-- Excerpted records --
"""

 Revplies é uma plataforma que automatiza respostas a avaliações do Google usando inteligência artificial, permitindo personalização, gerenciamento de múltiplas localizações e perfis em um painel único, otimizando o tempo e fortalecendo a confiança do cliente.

"""
"""

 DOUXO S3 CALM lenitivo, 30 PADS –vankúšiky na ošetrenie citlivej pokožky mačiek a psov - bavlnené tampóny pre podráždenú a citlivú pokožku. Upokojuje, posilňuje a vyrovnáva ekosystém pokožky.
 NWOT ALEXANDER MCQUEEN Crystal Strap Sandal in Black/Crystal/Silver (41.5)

"""
"""

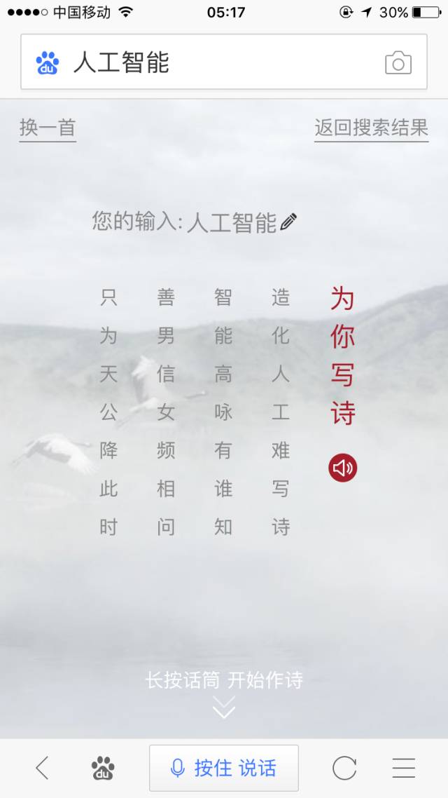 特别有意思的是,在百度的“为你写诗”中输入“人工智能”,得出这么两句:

"""

-- Exercise --
Give only the lines from the one holding "DOUXO S3 CALM" through the one holding "NWOT ALEXANDER MCQUEEN", each restated exactly as it appears above.

-- Your solution --
 DOUXO S3 CALM lenitivo, 30 PADS –vankúšiky na ošetrenie citlivej pokožky mačiek a psov - bavlnené tampóny pre podráždenú a citlivú pokožku. Upokojuje, posilňuje a vyrovnáva ekosystém pokožky.
 NWOT ALEXANDER MCQUEEN Crystal Strap Sandal in Black/Crystal/Silver (41.5)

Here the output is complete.